Colonel Clark is a dentist assigned to the 931st Aerospace Medicine Flight. Colonel Hooper is the flight's commander. Both officers volunteered for the two-week mission.

"I'm curious to see what it's like at the extremes of the world," Colonel Clark said. He likes helping people who live in austere conditions that have been known to reduce dental offices to a lawn chair and a flash light.

Operation Arctic Care is an annual training event that rotates to different areas of rural Alaska each year. Colonel Hooper said the upcoming mission will be based out of Bethel, a city 340 miles west of Anchorage that is only accessible by air and river.

The average temperature for the region in March is below 20 degrees.

"Cold," Colonel Hooper said, simply, her eyebrows raised, about what mission organizers told her to expect in Alaska.

Snow buries the area much of the year. Military helicopters will transport Arctic Care team members from Bethel to help native Alaskans in remote villages.

"It will be primitive conditions," Colonel Clark said. He first experienced such conditions in 2005 during a tour in Iraq, where Defense Department dentists often treat Iraqi civilians.

Last year, Colonel Clark volunteered with other 931st Airmen to support a humanitarian mission in rural Guatemala. So many people sought dental care there, his hands would be completely swollen by the end of most days, he said.

Like Colonel Clark, who has his own dental practice in Ada, Okla., Colonel Hooper is a traditional Reservist with a full-time civilian job.

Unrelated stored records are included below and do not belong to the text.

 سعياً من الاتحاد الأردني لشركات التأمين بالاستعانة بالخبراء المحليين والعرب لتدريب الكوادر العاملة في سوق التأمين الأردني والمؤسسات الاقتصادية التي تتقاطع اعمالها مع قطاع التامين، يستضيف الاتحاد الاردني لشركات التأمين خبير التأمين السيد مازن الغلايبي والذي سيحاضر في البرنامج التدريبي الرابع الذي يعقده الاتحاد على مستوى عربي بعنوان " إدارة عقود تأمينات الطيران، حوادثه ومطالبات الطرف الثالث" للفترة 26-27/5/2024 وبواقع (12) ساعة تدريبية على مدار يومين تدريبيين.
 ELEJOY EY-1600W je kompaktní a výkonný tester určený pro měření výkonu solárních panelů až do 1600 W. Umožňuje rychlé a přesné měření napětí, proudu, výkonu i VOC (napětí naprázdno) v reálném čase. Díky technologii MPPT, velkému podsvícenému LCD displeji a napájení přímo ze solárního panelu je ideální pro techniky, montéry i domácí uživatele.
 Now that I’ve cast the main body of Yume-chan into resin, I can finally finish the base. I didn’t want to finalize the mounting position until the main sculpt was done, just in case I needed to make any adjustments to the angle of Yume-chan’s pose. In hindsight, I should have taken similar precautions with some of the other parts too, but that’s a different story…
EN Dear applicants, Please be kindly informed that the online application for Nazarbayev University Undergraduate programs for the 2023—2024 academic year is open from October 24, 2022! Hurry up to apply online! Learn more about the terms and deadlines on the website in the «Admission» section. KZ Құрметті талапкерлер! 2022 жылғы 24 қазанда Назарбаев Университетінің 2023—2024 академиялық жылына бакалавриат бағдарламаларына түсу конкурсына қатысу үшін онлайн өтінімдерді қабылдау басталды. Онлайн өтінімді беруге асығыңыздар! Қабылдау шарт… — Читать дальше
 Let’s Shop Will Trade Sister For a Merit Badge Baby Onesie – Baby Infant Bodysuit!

She's a nurse practitioner for the Department of Veterans Affairs, which means she's completed advanced training in nursing valuable to the Alaska mission.

About 120 medical providers and other personnel from the Air Force, Army, Navy and Marine Corps are scheduled to support Operation Arctic Care 2009. The annual Innovative Readiness Training deployment offers joint service experience to active and Reserve components.